Admission of late-presented equivalence-based infringement theory not manifestly wrong

(link to LinkedIn post)

An unnamed individual plaintiff made an equivalence-based infringement argument only in the reply brief. Defendants Orthoapnea and Vivisol wanted the Court of Appeal to intervene at this stage so they wouldn’t have to address the allegedly inadmissible theory in their rejoinder. While President Dr. Klaus Grabinski held that an order by the CoA may have suspensive effect with respect to a filing deadline like this, no stay was ordered. The substantive question was referred to the panel, but the defendants will have to live with the fact that litigants make or address arguments in their pleadings that may later turn out irrelevant.

Costs must be sought in lower court even if some or all of them relate to appellate proceedings

(link to LinkedIn post)

For the Court of Appeal, Judge Peter Blok held that an order on costs must be requested in the Court of First Instance, even if it is in whole or in part about the costs of proceedings in the CoA.

Amended versions of challenged patent claims may include elements of non-challenged claims; and new invalidity contentions are untimely if they could have been brought in revocation claim

(link to LinkedIn post)

The Paris Central Division upheld, in an amended form, a Carrier Corporation patent challenged by BITZER Electronics. The decision explains that a patentee may not amend non-challenged claims in a revocation proceedings, but is free to incorporate elements of challenged claims into amended versions of challenged claims. Apparently that has no limit and even if all elements of a a non-challenged claim are incorporated into an amended version of a challenged claim, the Paris CD deems the proposed amendment admissible.

BITZER presented some invalidity contentions at a later stage, but according to the Paris CD couldn’t explain why it didn’t bring them as part of the revocation claim. Therefore, those theories were deemed inadmissible.

No shortcut for service of process on defendants based in China and its Hong Kong Special Administrative Region

(link to LinkedIn post)

NEC tried to effectuate service of process on TCL by email, which the Munich Local Division’s and now also the Court of Appeal’s second panel rejected, as they did the proposal to just put a notice on the Munich LD’s wall. NEC must first attempt to serve the complaint in accordance with the Hague Convention. Some TCL defendants are based in Europe and have already been served. Only if there was a major delay concerning service on a Chinese defendant would alternative forms of service be considered.

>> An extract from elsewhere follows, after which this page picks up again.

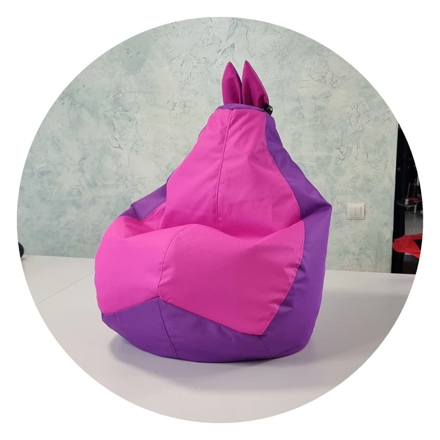 Крісло мішок груша Зайчик Softly Широка XXL 130x110 Рожевий фіолетовий Оксфорд 600 D PU

Agreement on attorneys’ fees shielded from public access, but opposing party gets to see it

(link to LinkedIn post)

In another decision by the Paris CD, a party wanted to completely seal an agreement on attorneys’ fees that may be relevant in connection with a decision on necessary fees, arguing that the other party could obtain information that would impact ongoing settlement negotiations. Judge-rapporteur Professor Maximilian Haedicke sealed the document only to the extent that the general public won’t get access, but the opposing party will have the opportunity to review it so it can develop its argument on necessary fees.

The Hague Local Division applies Ocado v. AutoStore on access to documents

(link to LinkedIn post)

In a case in which a decision by the first-instance court is under appeal, a third party (UK law firm Powell Gilbert) nevertheless gets access to the pleadings, over the litigants’ “succinct” (because they probably knew they wouldn’t prevent anything) objections.